-------- Data shown

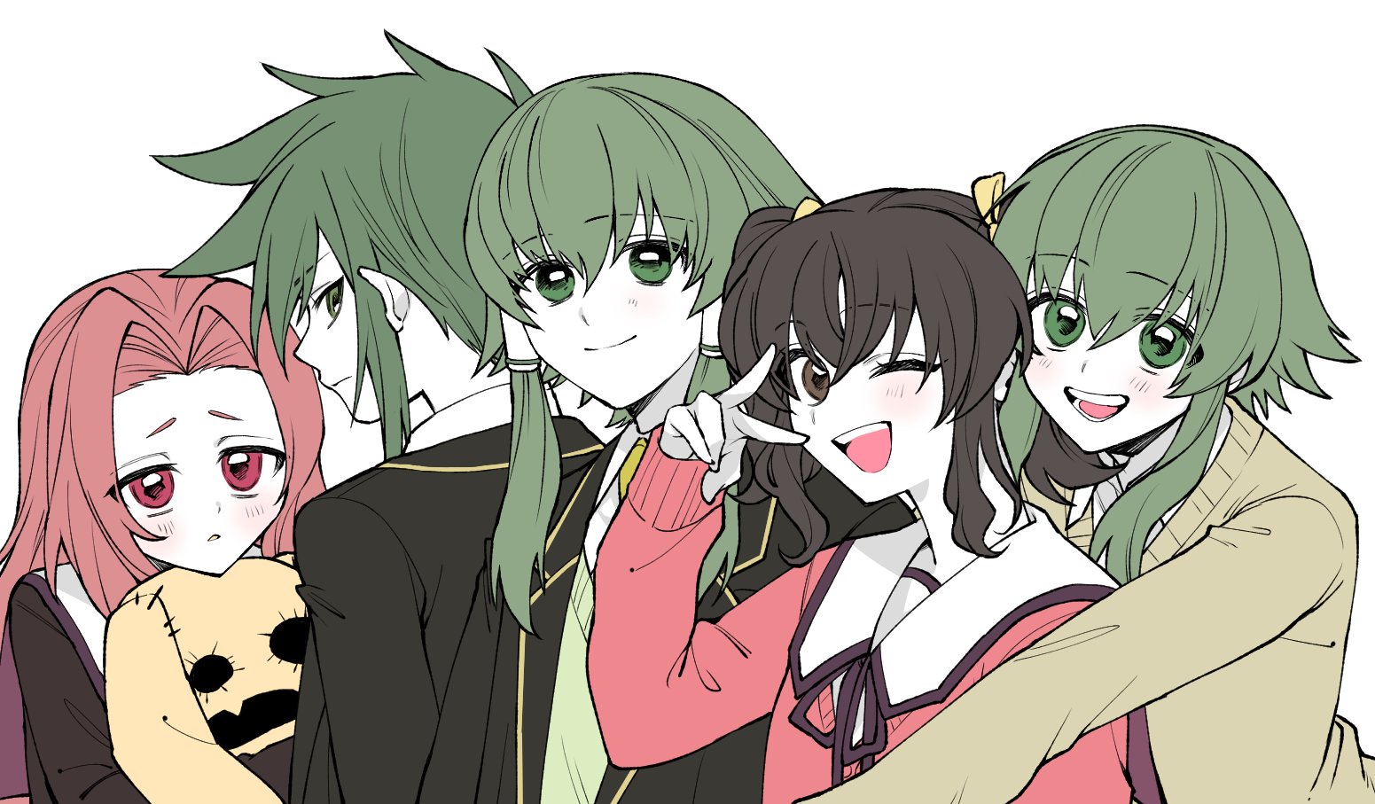 2boys 2girls alternate_costume anise_tatlin arietta_(tales) black_hair black_jacket blush commentary_request contemporary green_hair hair_ribbon igarashi_(morimorienoki) ion_(tales) jacket long_hair looking_at_viewer multiple_boys multiple_girls one_eye_closed open_clothes open_jacket open_mouth pale_skin parted_bangs pink_hair pink_sweater ribbon school_uniform short_hair short_hair_with_long_locks sidelocks smile stuffed_toy sweater sweater_vest sync_(tales) tales_of_(series) tales_of_the_abyss twintails upper_body v white_background yellow_ribbon
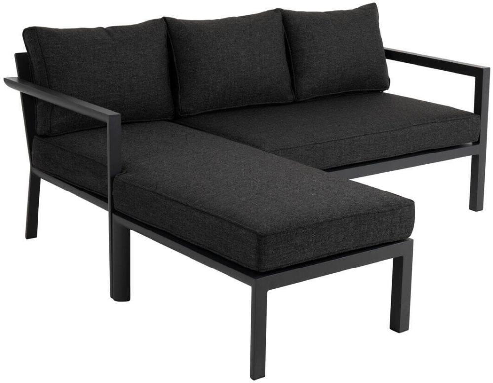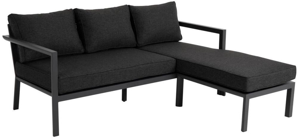 Delia är en modern kollektion trädgårdsmöbler från Brafab. En del av serien är den här divansoffan med sin nätta mått. Loungesoffan har en mattlackad antracitgrå, ljusgrå eller khakifärgad aluminiumstomme med tre sköna ryggplymåer och två sittplymåer, klädda i mörkgrått (nearly black) olefintyg, ett tyg som håller extra bra mot solens strålar och blekning. Divandelen är separerad som en löstagbar och flyttbar modul som enkelt flyttas från valfri sida av 3-sitsen.
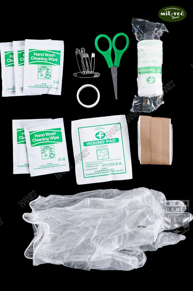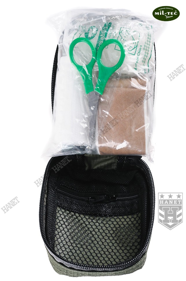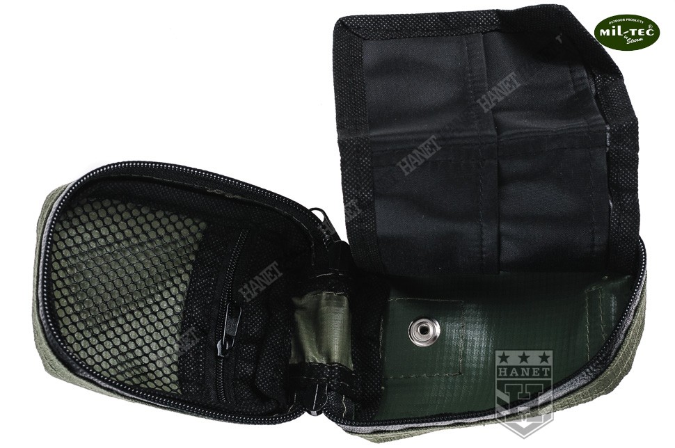 Nowoczesna apteczka indywidualna - zestaw pierwszej pomocy. Produkt niemieckiej marki Mil-Tec®. Przeznaczona dla ludzi aktywnie spędzających czas - sportowców, turystów i amatorów górskich wędrówek. Niewielkie gabaryty i masa pozwalają nosić ją nawet w kieszeni. Na wyposażeniu znajduję się niezbędny zestaw opatrunków i narzędzi do udzielania pierwszej pomocy. Wygodna kieszeń wykonana z grubego nylonu Rip-Stop z wodoodporną powłoką PU od wewnątrz. Pokrowiec posiada odpinaną szlufkę na pas, która umożliwia przytroczenie także do plecaka. Apteczka zapinana na wodoodporny zamek z dwoma suwakami. Szerokie otwarcie upraszcza dojście do potrzebnego przedmiotu, bez konieczności zdejmowania z pasa czy plecaka. System wewnętrznych kieszeni i przegród do organizacji umieszczonych w apteczce opatrunków. Kieszenie wszyte na rolowanym materiale, który po rozłożeniu gwarantuje łatwy dostęp do pełnej zawartości. Cztery duże przegrody, każdy element znajdzie swoje miejsce. Wnętrze apteczki uszyte ze skóry syntetycznej, odporne na krew i łatwe w myciu. Duża kieszeń na zamek, idealna na leki i materiały opatrunkowe. Jej ściana wykonana jest z siatki, która ułatwia szybkie odszukanie potrzebnej rzeczy. Apteczka oznakowana standardowym białym krzyżem. Możliwość założenia smyczy i zawieszenia apteczki na szyi.

----------------

Print each line of the listing, starting at its first and ending with the line that holds "Delia är en", but skip any pictures.

 2boys 2girls alternate_costume anise_tatlin arietta_(tales) black_hair black_jacket blush commentary_request contemporary green_hair hair_ribbon igarashi_(morimorienoki) ion_(tales) jacket long_hair looking_at_viewer multiple_boys multiple_girls one_eye_closed open_clothes open_jacket open_mouth pale_skin parted_bangs pink_hair pink_sweater ribbon school_uniform short_hair short_hair_with_long_locks sidelocks smile stuffed_toy sweater sweater_vest sync_(tales) tales_of_(series) tales_of_the_abyss twintails upper_body v white_background yellow_ribbon
 Delia är en modern kollektion trädgårdsmöbler från Brafab. En del av serien är den här divansoffan med sin nätta mått. Loungesoffan har en mattlackad antracitgrå, ljusgrå eller khakifärgad aluminiumstomme med tre sköna ryggplymåer och två sittplymåer, klädda i mörkgrått (nearly black) olefintyg, ett tyg som håller extra bra mot solens strålar och blekning. Divandelen är separerad som en löstagbar och flyttbar modul som enkelt flyttas från valfri sida av 3-sitsen.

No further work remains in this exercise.